Le quatrième critère porte sur la confusion avec un nom de famille ou une marque connue. Les juges vérifient que le prénom, associé au nom de famille, ne crée pas un ensemble ridicule ou trompeur. Si vous hésitez entre plusieurs prénoms, notre article sur le top des prénoms 2026 peut vous donner des pistes d’inspiration plus classiques.

Et les prénoms originaux, sont-ils risqués ?

Originalité ne veut pas dire interdiction. Des milliers de prénoms rares, étrangers ou inventés sont acceptés chaque année en France sans la moindre difficulté. Luna, Maël, Nael, Liam ou encore Inaya étaient considérés comme très originaux il y a vingt ans et figurent aujourd’hui dans le top 50 national.

Les prénoms issus d’autres cultures passent sans problème tant qu’ils remplissent la fonction de prénom. Le juge n’évalue pas le goût des parents mais le préjudice potentiel pour l’enfant. Un prénom rare ou étranger qui sonne comme un vrai prénom ne sera pas contesté. Le risque commence quand le choix relève manifestement de la provocation, du jeu de mots ou de la référence déplacée.

Si l’officier d’état civil vous interroge sur votre choix, ne paniquez pas. Cette démarche est normale et ne signifie pas que votre prénom sera refusé. Expliquez sereinement l’origine et la signification du prénom. Dans la grande majorité des cas, le procureur classe le signalement sans suite.

Ce qu’il faut retenir

1. Il n’existe aucune liste officielle de prénoms interdits en France. Le principe est la liberté totale depuis 1993.

2. L’article 57 du Code civil pose deux limites : le prénom ne doit pas nuire à l’intérêt de l’enfant ni porter atteinte au nom de famille d’un tiers.

3. L’officier d’état civil ne refuse pas un prénom, il signale au procureur. Seul le juge aux affaires familiales peut ordonner une suppression.

4. Les critères de refus portent sur le risque de moquerie, les références inappropriées, la fantaisie excessive et la confusion prénom-nom.

5. Les prénoms originaux ou étrangers sont parfaitement acceptés. Seuls les choix manifestement préjudiciables sont contestés.

Questions fréquentes

Un officier d’état civil peut-il refuser d’enregistrer un prénom ?

Non, l’officier d’état civil n’a pas le pouvoir de refuser un prénom. Il enregistre systématiquement la naissance avec le prénom choisi par les parents. S’il a un doute, il signale le prénom au procureur de la République, qui décide ensuite de saisir ou non le juge aux affaires familiales. Le bébé porte donc bien le prénom contesté tant qu’aucune décision de justice n’intervient.

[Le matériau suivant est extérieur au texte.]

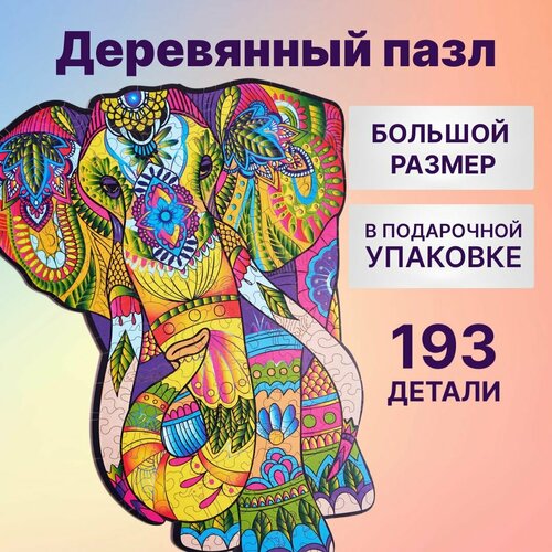 Деревянная игрушка Wood Trick Пазл Великолепный Слон (193 элемента) Если вы любите проводить время всей семьей, совмещая приятное с полезным, то фигурный пазл от компании Wood Trick – это именно то, что вам нужно. С этой яркой головоломкой даже самый скучный вечер сможет стать ярким, увлекательным и запоминающимся. Набор состоит из 193 различных деталей с интересным цветовым решением. Элементы яркие и изготовлены из натуральных материалов. Они не только прочные и приятные на ощупь, но еще и безопасные. Все детали поделены на 25 разновидностей, каждая из которых – это отдельный вид африканских животных. Поэтому во время сборки вы еще сможете вместе с малышами узнать, кто обитает на самом жарком континенте планеты. Пазл заинтересует детей и взрослых разных возрастов. Именно для того, чтобы собрать вместе всю семью или дружную компанию и была создана эта серия. Эти пазлы можно собирать всей семьей, дети могут дополнительно играть с фигурками и разрисовывать их с обратной стороны. Взрослые - декорировать помещение или помогать детям украшать свою комнату. Производитель уделил особое внимание качеству своей продукции. Пазлы сделаны из качественных материалов и отличаются интересным цветовым решением. Яркие оттенки привлекают внимание и заставляют забыть обо всем. Единственное желание каждого, к кому они попадают в руки – как можно быстрее собрать все в единую композицию. Особенности цветных деревянных пазлов Wood Trick: Каждая деталь неповторимой формы Подарочная упаковка премиум класса с наполнением Изготовлены из натуральной березовой фанеры 4 мм Система приклейки пазла уже в комплекте Фанера (дерево) Размер в собранном виде: 36x28 см
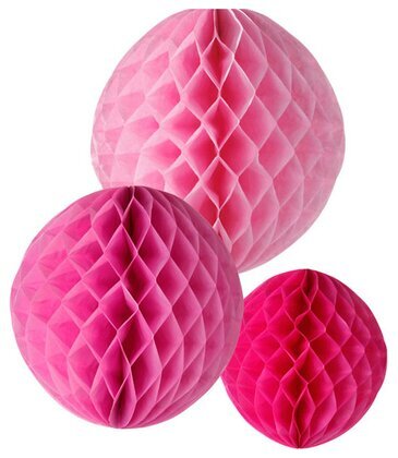 Den andra bollen, som också är ljusrosa men med en något starkare färg, är belägen nedanför och till höger om den första. Även denna boll följer samma sexkantiga mönster, vilket är karakteristiskt för hela serien. Ytan är matt och pappersmaterialet är lätt och luftigt, vilket gör bollarna enkla att hänga upp eller arrangera i rum för att skapa en festlig atmosfär.
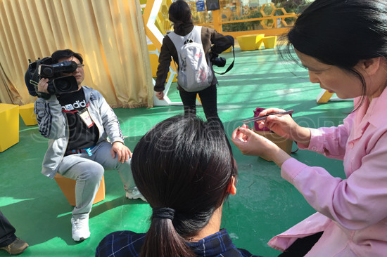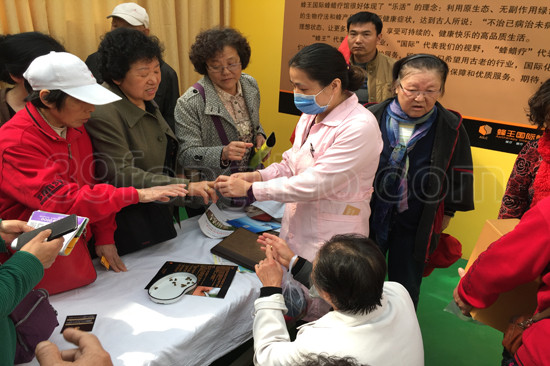 平时人们见到蜜蜂唯恐避之不及,但农业嘉年华里,游客们却抢着与蜜蜂亲密接触,因为工作人员告诉游客蜜蜂也能治病。
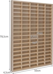 La construcción bien pensada permite retirar y reorganizar los divisores, de modo que puedes crear fácilmente las dimensiones necesarias para modelos de distintos tamaños. El estante está diseñado para colgarse en la pared (incluye kit de montaje y 2 colgadores), pero también puede colocarse sobre una cómoda o una mesa.
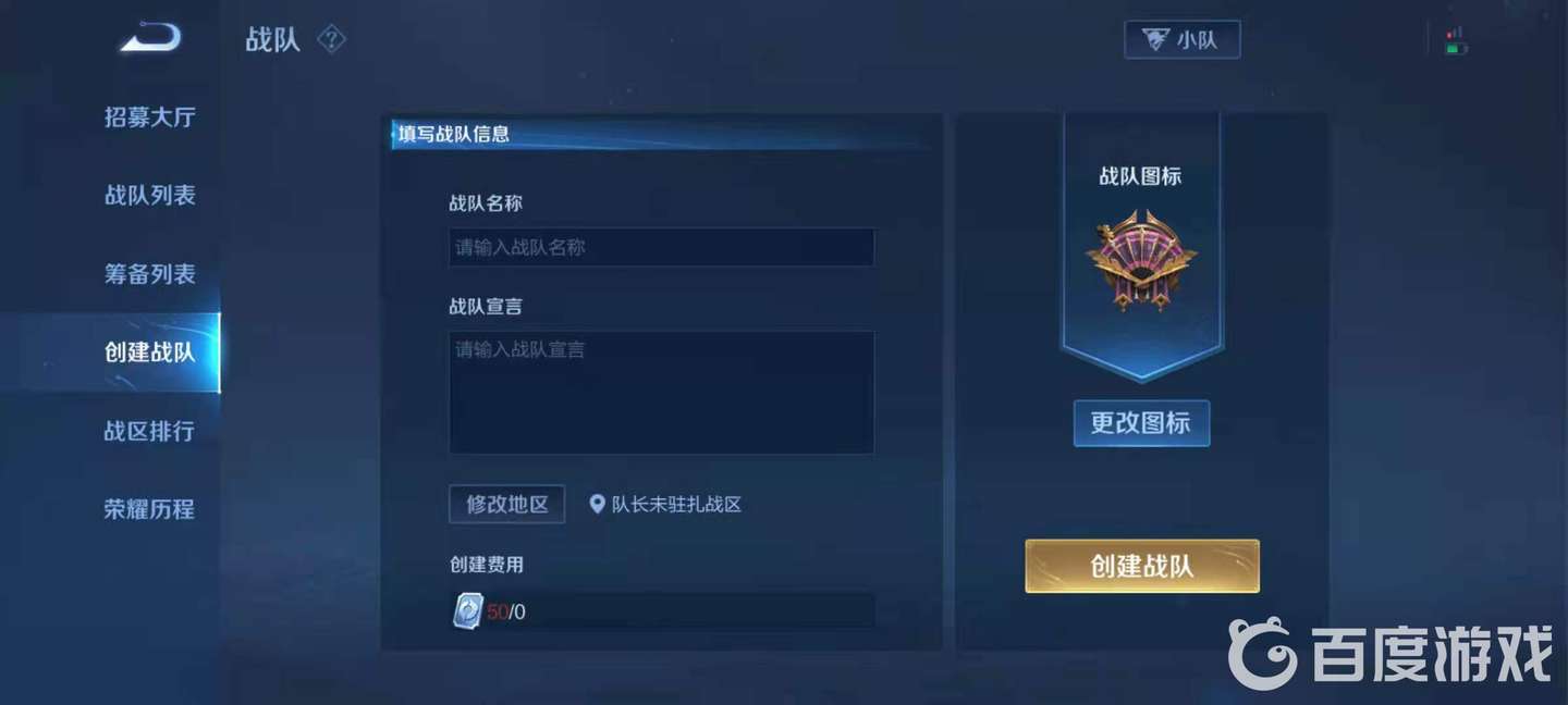 王者榮耀創(chuàng)建戰(zhàn)隊多少錢
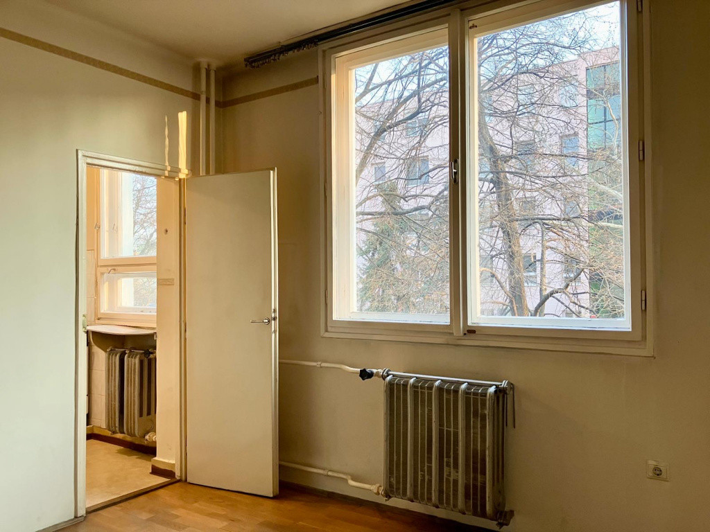 A 18 nm-es szoba és a konyha ablaka csendes parkra néz.
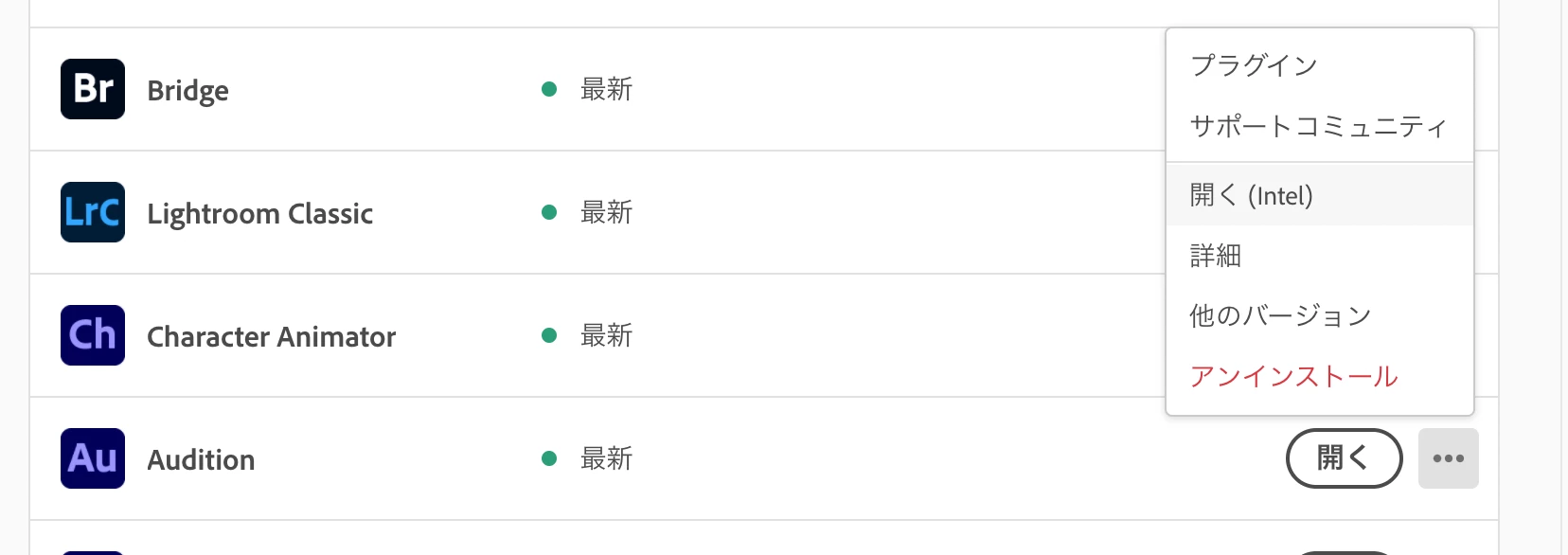 解決策として、Creative Cloudアプリ上で「開く(Intel)」で実行すると、一時的にRosetta2動作になりM1対応でないプラグインも認識できるようになります。

Quels prénoms ont été refusés en France ?

Parmi les cas les plus connus : Nutella, Fraise, Titeuf, Lucifer, Manhattan, MJ, Daemon, Clitorine, Mini Cooper, Joyeux, Folavril, Patriste et Dilleur. L’association « Mégane » avec le nom de famille « Renault » et les prénoms « Babord » et « Tribord » pour des jumeaux ont également été refusés. Chaque décision repose sur un jugement au cas par cas.

Peut-on donner un prénom étranger en France ?

Oui, les prénoms étrangers sont parfaitement autorisés en France. La loi de 1993 a supprimé l’ancienne obligation de choisir parmi les saints du calendrier. Un prénom arabe, asiatique, scandinave ou africain est enregistré sans difficulté dès lors qu’il remplit sa fonction de prénom et ne porte pas atteinte à l’intérêt de l’enfant.

Que faire si le procureur conteste le prénom choisi ?

Si le procureur saisit le juge aux affaires familiales, vous serez convoqué pour défendre votre choix. Préparez les éléments qui justifient le prénom : origine culturelle, signification, usage dans d’autres pays. Si le juge confirme le refus, vous disposez d’un délai pour proposer un nouveau prénom. À défaut, le juge en attribue un d’office. La décision est susceptible d’appel devant la cour d’appel.